The reply should hold every line of the data below, unchanged, and none of the pictures.

Input data Start Marker

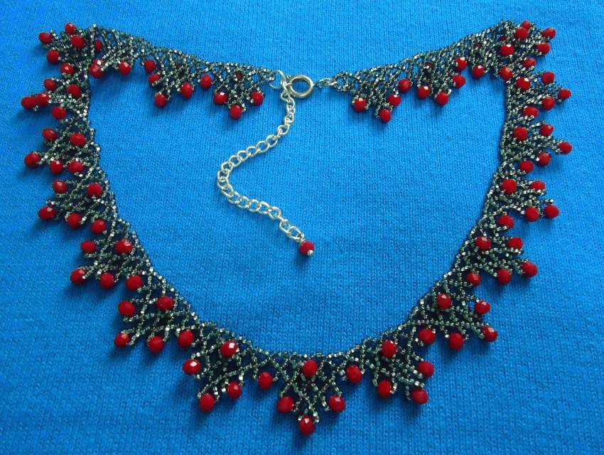 Примечательно, что колье из разного бисера легко и просто плетется при помощи крючка и лески, а также вы можете использовать в чередовании компоненты разного размера, что сделает ваше изделие более изумительным и воздушным.
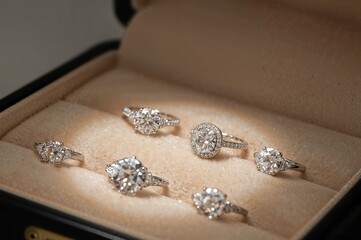 A collection of sparkling diamond engagement rings displayed in a luxurious jewelry box with soft lighting
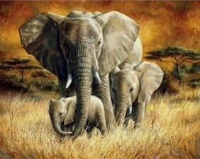 Malowanie po numerach Słoń z rodziną 40x50cm 5534

Input data End Marker

*Result below*
 Примечательно, что колье из разного бисера легко и просто плетется при помощи крючка и лески, а также вы можете использовать в чередовании компоненты разного размера, что сделает ваше изделие более изумительным и воздушным.
 A collection of sparkling diamond engagement rings displayed in a luxurious jewelry box with soft lighting
 Malowanie po numerach Słoń z rodziną 40x50cm 5534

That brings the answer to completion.